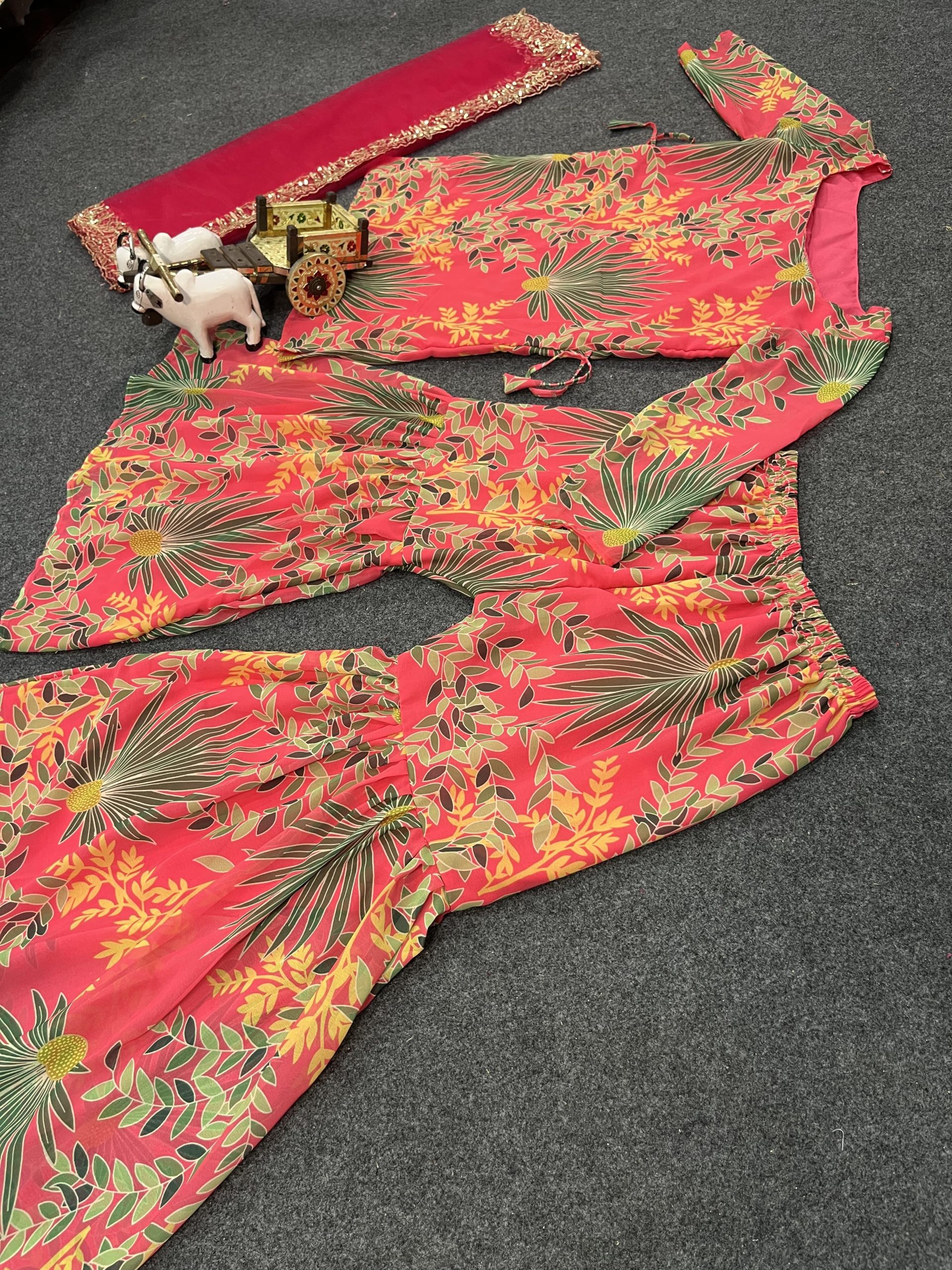 Fabrics | Top Fabric : Silk- Faux Georgette Work : Digital Print Top Inner : Micro Top Size : Free Size Fully Stitched Ready To Wear Top Length : 36-37 Inch Palazzo Fabrics : Faux Georgette Palazzo inner : Micro fully stitched Palazzo Length : 40-41 Inch Dupatta : Butterfly Net Dupatta Work : Embroidery sequins Cut work Dupatta Size : 2.3 Meter |
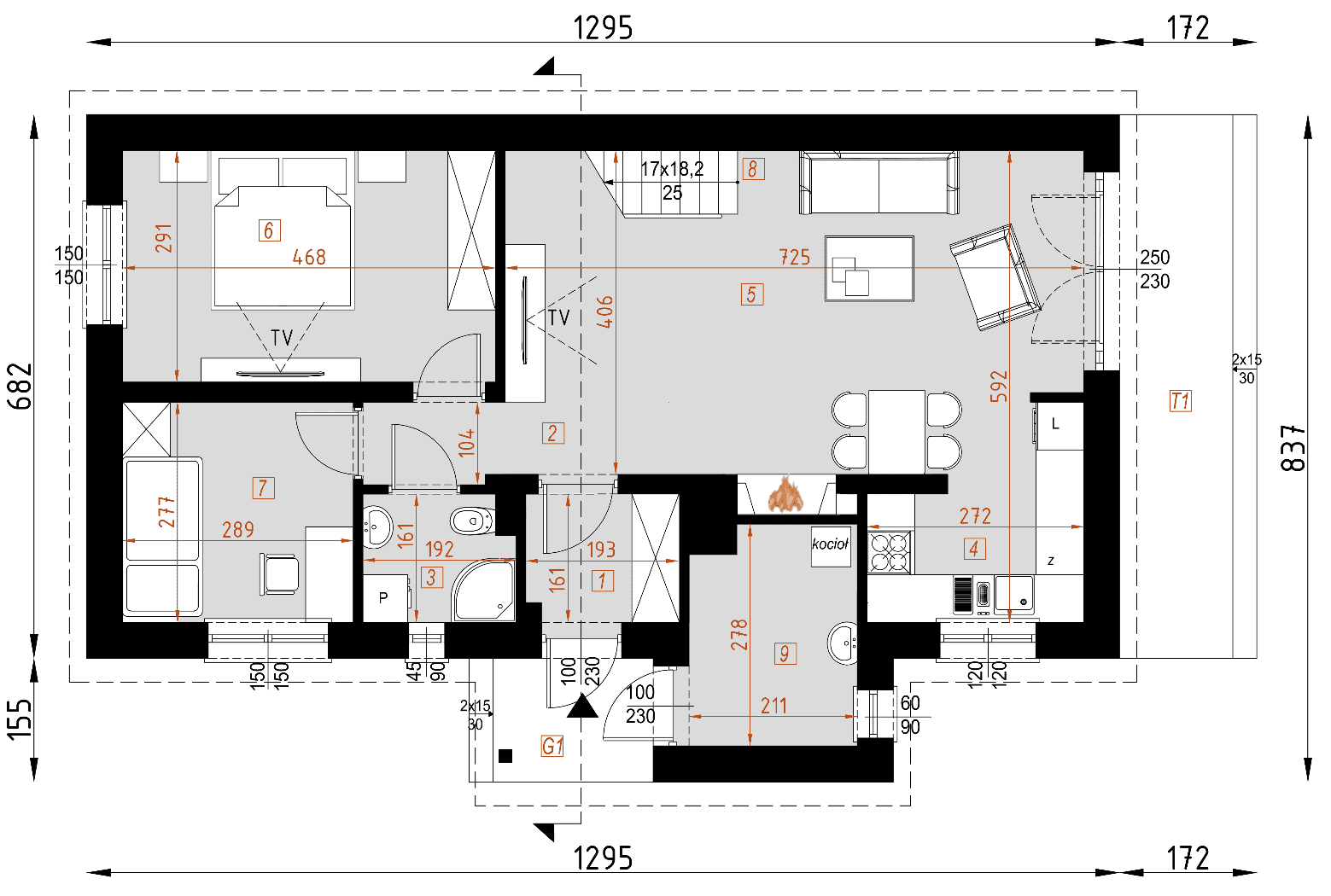 - rzuty wszystkich kondygnacji (np. parter, piwnica, piętro) – rozmieszczenie i wymiary wszystkich pomieszczeń, rozmieszczenie i wielkość otworów okiennych i drzwiowych, rozmieszczenie kominów, sugerowana aranżacja wnętrz.
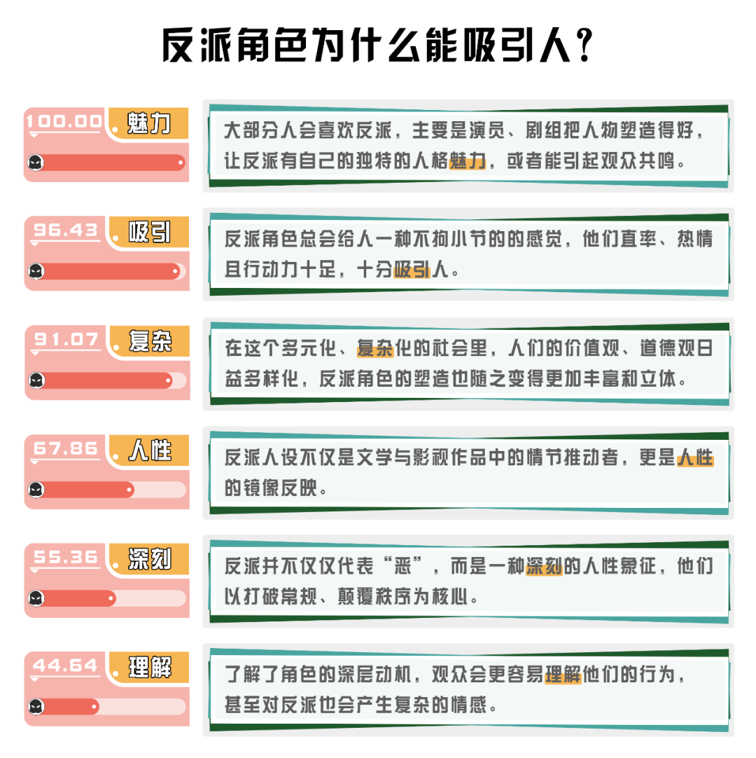 在小紅書平臺,搜集“為什么反派角色更吸引人?”相關(guān)貼文,整理分析后發(fā)現(xiàn),演員出色的演技是刻畫反派角色的基礎(chǔ)。令觀眾著迷的,往往是反派角色身上的多面性,反派角色的“惡”并不僅僅是字面意思,它是一種復(fù)雜的、深刻的人性象征,更像是一道令人捉摸不透的難解謎題。
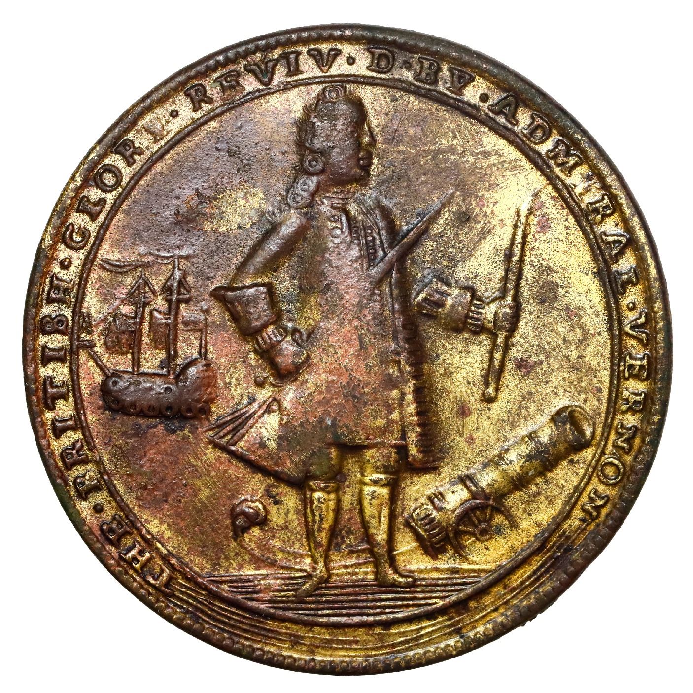 Great Britain, copper alloy Admiral Vernon medal, 1739, Vernon and ship and cannon / Porto Bello, ex
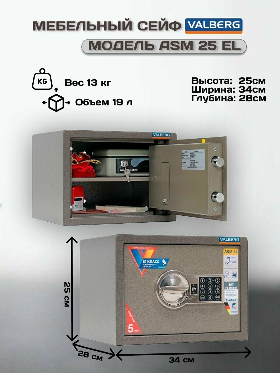 Valberg Сейф ASM 25 EL Внешние габариты ВхШхГ мм: 250х340х280 S10399010940
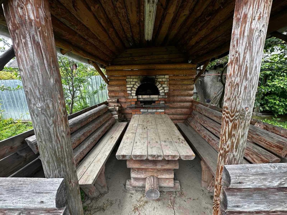 На території будинку є гараж, альтанка з мангалом та сільськогосподарські приміщення.
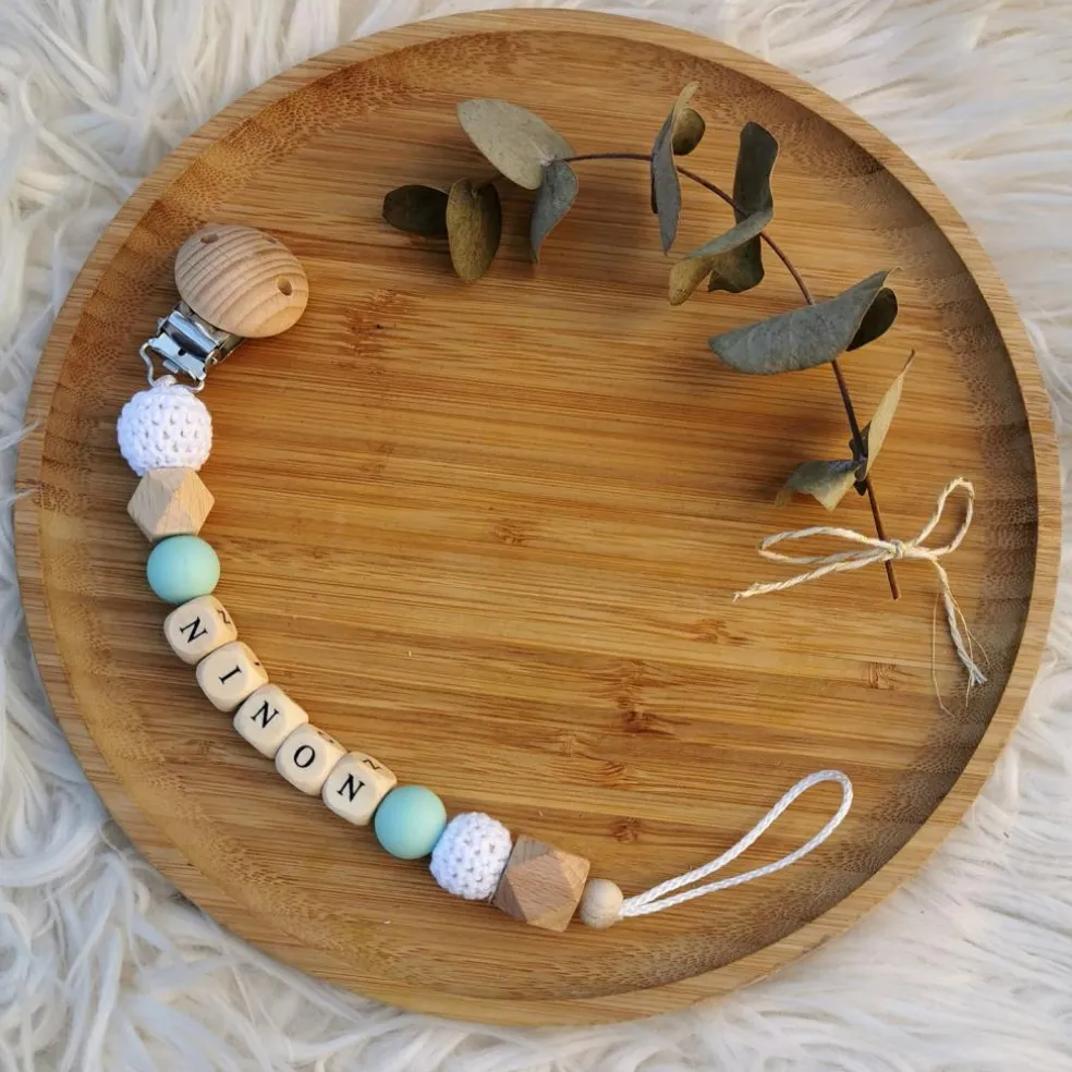 L’attache sucette en bois mint et blanc de la marque Tata Lucette évitera à bébé de perdre sa sucette, pour qu’elle soit toujours là pour lui apporter du réconfort. Réalisée avec des matériaux naturels sains pour l’enfant, elle stimulera aussi son toucher grâce aux différentes matières. En plus d’être pratique, cet accessoire peut être personnalisé pour le rendre unique.
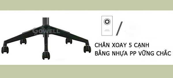 + Chân xoay 5 cạnh hình sao bằng nhựa PP vững chắc với khả năng chống chịu lực tốt và giữ thăng bằng khi xoay 360 độ. Bánh xe PU di chuyển nhanh nhẹn, giảm tiếng ồn và không gây trầy xướt mặt sàn.
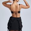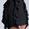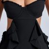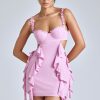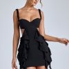 In our girly era. Crafted in our premium georgette fabric with delicate frills and ruffle trims, the Evalia dress was designed to turn heads. Perfect for date nights and drinks with the girls, it’s cut to a mini length with statement waist cut-outs and a curve-skimming A-line skirt.
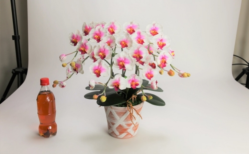 - 綺麗で丈夫な三河陶器で贈る光触媒胡蝶蘭小輪3本立(赤白の陶器×白桃色の花) H100-086
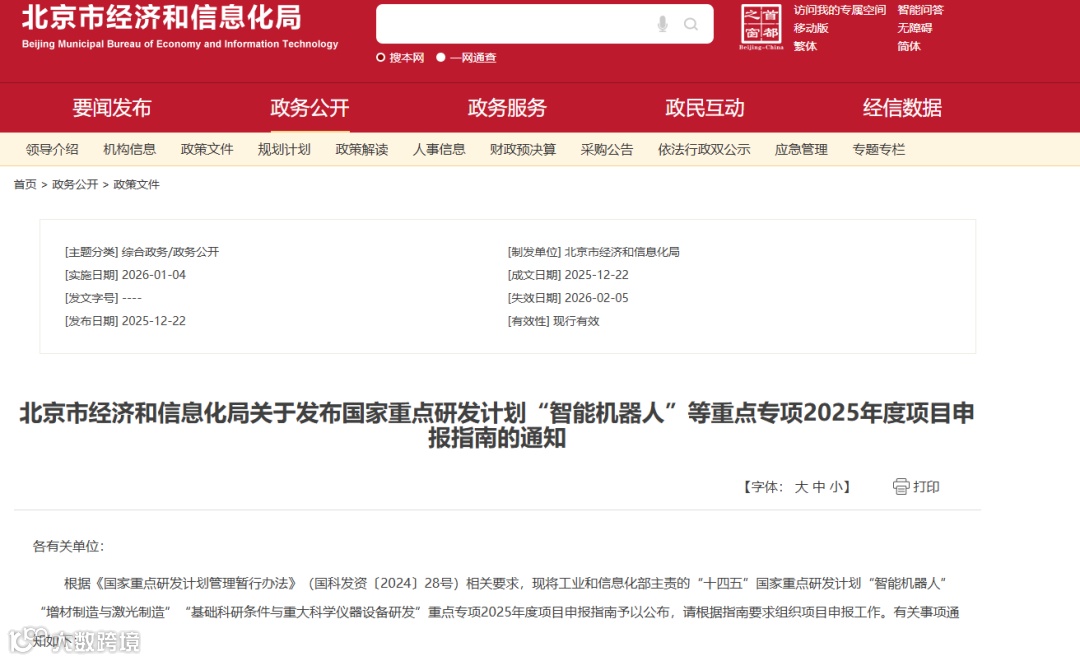 3、北京市经济和信息化局关于发布国家重点研发计划“智能机器人”等重点专项2025年度项目申报指南的通知
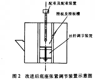 原來(lái)設(shè)計(jì)的配重裝置采用兩邊齒條,通過(guò)配重和下滾筒的自重進(jìn)行皮帶張緊,兩邊調(diào)節(jié)裝置同時(shí)調(diào)節(jié)皮帶的跑偏情況。從理論上講沒(méi)有問(wèn)題,但實(shí)際使用中皮帶兩邊跑偏嚴(yán)重,無(wú)法進(jìn)行調(diào)整,增大配重或偏向提升或下沉齒條都無(wú)法解決問(wèn)題。經(jīng)研究分析,我們將配重連接M32的絲桿,在導(dǎo)向板的下半部分設(shè)置調(diào)節(jié)裝置,解決了問(wèn)題。改進(jìn)前后見(jiàn)圖1、圖2。
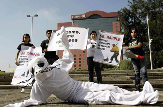 环保人士装扮成海豹的模样抗议捕杀海豹。

Problem description: Could you reproduce the data above exactly, without its pictures?

Problem solution:
 Fabrics | Top Fabric : Silk- Faux Georgette Work : Digital Print Top Inner : Micro Top Size : Free Size Fully Stitched Ready To Wear Top Length : 36-37 Inch Palazzo Fabrics : Faux Georgette Palazzo inner : Micro fully stitched Palazzo Length : 40-41 Inch Dupatta : Butterfly Net Dupatta Work : Embroidery sequins Cut work Dupatta Size : 2.3 Meter |
 - rzuty wszystkich kondygnacji (np. parter, piwnica, piętro) – rozmieszczenie i wymiary wszystkich pomieszczeń, rozmieszczenie i wielkość otworów okiennych i drzwiowych, rozmieszczenie kominów, sugerowana aranżacja wnętrz.
 在小紅書平臺,搜集“為什么反派角色更吸引人?”相關(guān)貼文,整理分析后發(fā)現(xiàn),演員出色的演技是刻畫反派角色的基礎(chǔ)。令觀眾著迷的,往往是反派角色身上的多面性,反派角色的“惡”并不僅僅是字面意思,它是一種復(fù)雜的、深刻的人性象征,更像是一道令人捉摸不透的難解謎題。
 Great Britain, copper alloy Admiral Vernon medal, 1739, Vernon and ship and cannon / Porto Bello, ex
 Valberg Сейф ASM 25 EL Внешние габариты ВхШхГ мм: 250х340х280 S10399010940
 На території будинку є гараж, альтанка з мангалом та сільськогосподарські приміщення.
 L’attache sucette en bois mint et blanc de la marque Tata Lucette évitera à bébé de perdre sa sucette, pour qu’elle soit toujours là pour lui apporter du réconfort. Réalisée avec des matériaux naturels sains pour l’enfant, elle stimulera aussi son toucher grâce aux différentes matières. En plus d’être pratique, cet accessoire peut être personnalisé pour le rendre unique.
 + Chân xoay 5 cạnh hình sao bằng nhựa PP vững chắc với khả năng chống chịu lực tốt và giữ thăng bằng khi xoay 360 độ. Bánh xe PU di chuyển nhanh nhẹn, giảm tiếng ồn và không gây trầy xướt mặt sàn.
 In our girly era. Crafted in our premium georgette fabric with delicate frills and ruffle trims, the Evalia dress was designed to turn heads. Perfect for date nights and drinks with the girls, it’s cut to a mini length with statement waist cut-outs and a curve-skimming A-line skirt.
 - 綺麗で丈夫な三河陶器で贈る光触媒胡蝶蘭小輪3本立(赤白の陶器×白桃色の花) H100-086
 3、北京市经济和信息化局关于发布国家重点研发计划“智能机器人”等重点专项2025年度项目申报指南的通知
 原來(lái)設(shè)計(jì)的配重裝置采用兩邊齒條,通過(guò)配重和下滾筒的自重進(jìn)行皮帶張緊,兩邊調(diào)節(jié)裝置同時(shí)調(diào)節(jié)皮帶的跑偏情況。從理論上講沒(méi)有問(wèn)題,但實(shí)際使用中皮帶兩邊跑偏嚴(yán)重,無(wú)法進(jìn)行調(diào)整,增大配重或偏向提升或下沉齒條都無(wú)法解決問(wèn)題。經(jīng)研究分析,我們將配重連接M32的絲桿,在導(dǎo)向板的下半部分設(shè)置調(diào)節(jié)裝置,解決了問(wèn)題。改進(jìn)前后見(jiàn)圖1、圖2。
 环保人士装扮成海豹的模样抗议捕杀海豹。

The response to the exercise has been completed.